Summary Table of Number of Pseudogenes and Indels of Different Candidatus Burkholderia Species

Species Pseudogenes Indels Deletions Insertions
Ca. B. brachyanthoides 39 191 96 95
Ca. B. humilis 5 17 11 6
Ca. B. kirkii 13 52 30 22
Ca. B. pumila 36 191 108 83
Ca. B. punctata 5 19 9 10
Ca. B. schumanniana 5 15 9 6
Ca. B. umbellata 45 203 129 74
Ca. B. verschuerenii 3 8 4 4
Total 151 696 396 300

Size of Small Deletions, but Not Insertions, Show a Distinct Bias towards Multiples of 3

We next exploited our high quality dataset to ask whether the indel mutation rate is affected by local %G + C. We measured indel rate as the frequency of indels per kb. We estimated the ancestral length of pseudogenes by calculating the length of the alignment of the two functional orthologs. We did not observe any significant correlation between the rate of indels and the %G + C of the pseudogene (Pearson correlation coefficient = 0.0265, P-value = 0.74). During our analyses, however, we noticed that many of the pseudogenes in our dataset seemed to accumulate indels with sizes multiple of 3 nt (heretofore referred to as 3n indels). Because pseudogenes are not assumed to be translated into functional proteins, selective constraints resulting in the preservation of the reading frame are not expected. To investigate whether 3n indels are indeed overrepresented in our dataset, we analyzed further the distribution of indel sizes in our data. The size distribution of deletions or insertions follows a power law, as established previously for prokaryotic and eukaryotic genomes (Cartwright 2009; Sung et al. 2016). The tail of the distribution is very long, with few insertions or deletions exceeding a size of 15 nt. We therefore focused on indels of sizes ≤ 15 nt in order to simplify the statistical analyses. Because the mutational causes of insertions and deletions may differ mechanistically, we treated insertions and deletions separately (fig. 2). Linear regression analysis of log-transformed count and size data first revealed that deletions of size 3n are significantly overrepresented (P-value = 0.002). Bootstrap analysis further confirmed that deletions of sizes 3, 6, 9, and 12 are significantly more abundant than expected from a model built on deletion counts of sizes other than 3n (fig. 2A). Overrepresentation of deletions of sizes 3n was also significant in subsets of alignments of pseudogenes originating from individual species of leaf nodule symbionts, confirming that the pattern is not due to species-specific bias or outliers (supplementary fig. S2, Supplementary Material online). Lastly, we ruled out that 3n deletions could be on average overrepresented because of few pseudogenes with a high number of 3n deletions by calculating the ratio of 3n deletions to the number of pseudogenes (supplementary fig. S1, Supplementary Material online).

Fig. 2.

Fig. 2.

—Length distribution of deletions (A) and insertions (B) in 151 pseudogenes of Ca. Burkholderia species. Only indels ≤15 nt are shown. 95% confidence intervals are shown as error bars and a power law regression fitted on counts of non-3n indels is shown in blue.

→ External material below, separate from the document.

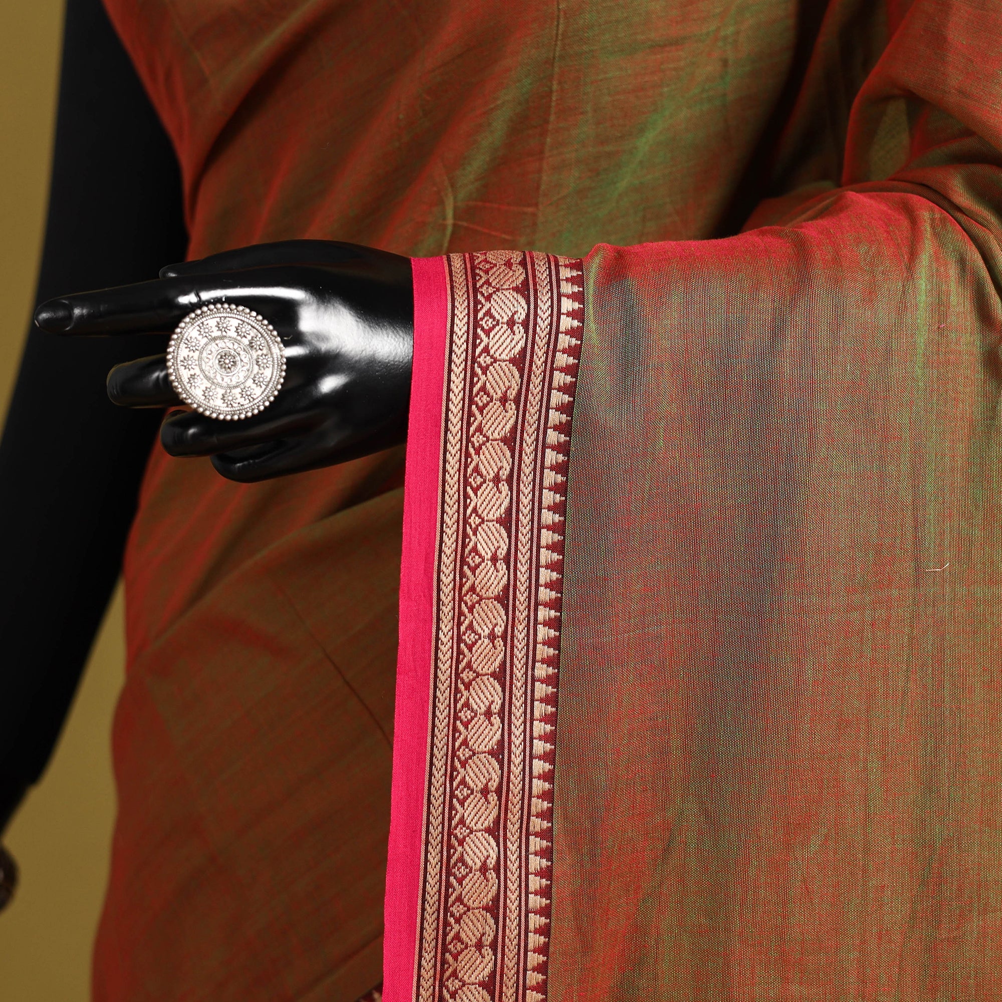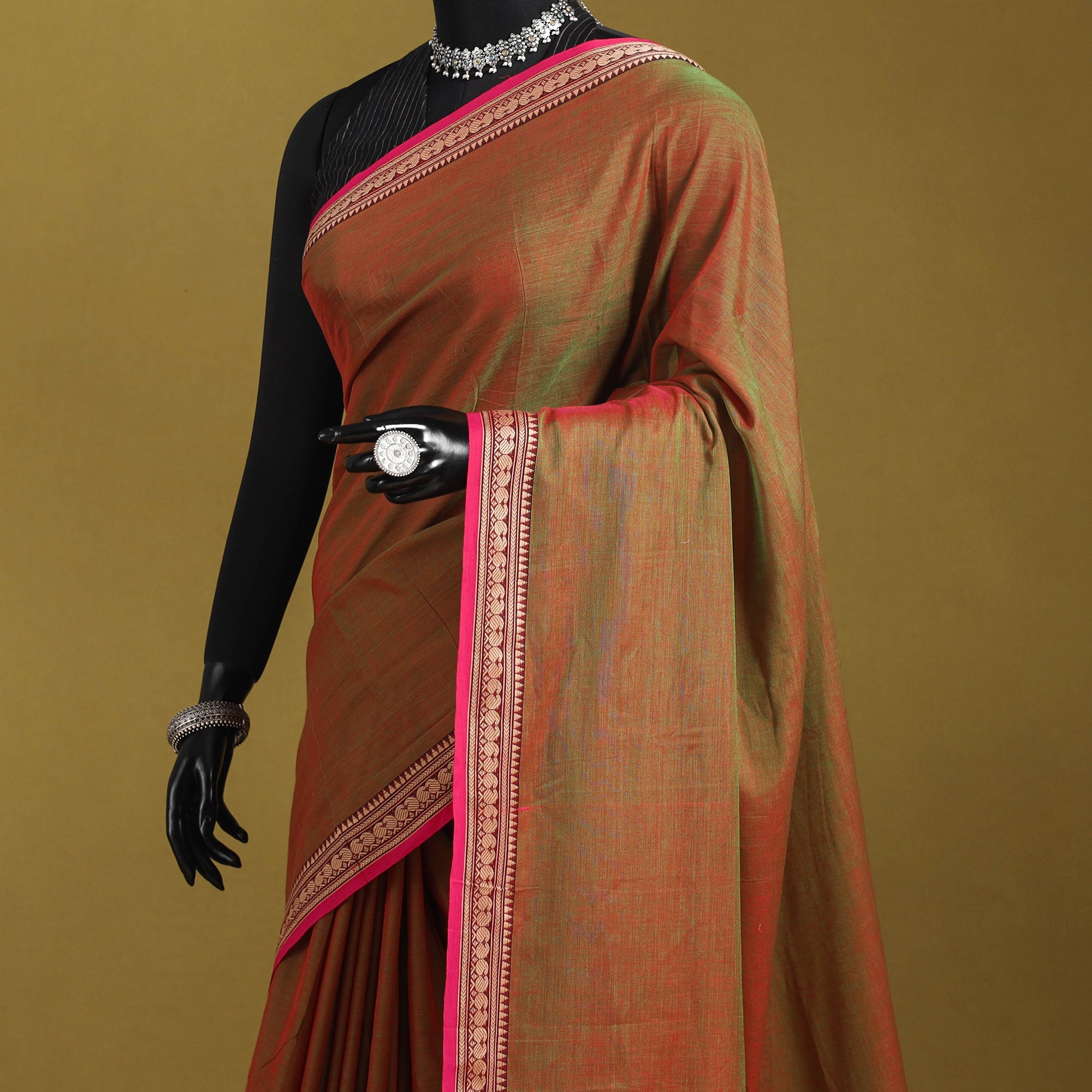 Embrace the traditional elegance of Karnataka with our dharwad cotton saree. This saree features a captivating woven border, meticulously crafted by the skilled weavers of Dharwad. The border showcases intricate motifs and patterns that reflect the rich cultural heritage of Karnataka. These exquisite details bring a sense of grace and sophistication, making the saree ideal for both formal occasions and festive celebrations.

We did not observe a similar bias towards insertions of size 3n (P-value = 0.898), with the exception of insertions of size 3 which are significantly overrepresented in our data (fig. 2B). Detailed analysis of pseudogene sets grouped by species revealed that overrepresentation of insertions of size 3 nt is significant only in the Ca. B. pumila data (supplementary fig. S2, Supplementary Material online). Closer inspection of the sequence alignments revealed that 13/28 insertions of sizes 3 nt or 6 nt in the Ca. B. pumila data resulted in the formation of direct repeats (DR). Further, 28/83 insertions in the Ca. B. pumila dataset also resulted in the formation of DR. A total of 46.4% of insertions involving DR are thus biased towards sizes of 3 or 6 nt. A similar proportion of insertions in other Ca. Burkholderia species involved DR (110/217 or 50.7%) but of these, only 19 were of size 3 or 6 bp (17.2% of 110). The overrepresentation of 3 or 6 nt insertions in the Ca. B. pumila data may thus reflect mutation dynamics that are specific to that genome. Overall, the size of deletions, but not insertions, are systematically biased towards multiples of 3 in neutrally evolving pseudogenes of Ca. Burkholderia leaf nodule symbionts.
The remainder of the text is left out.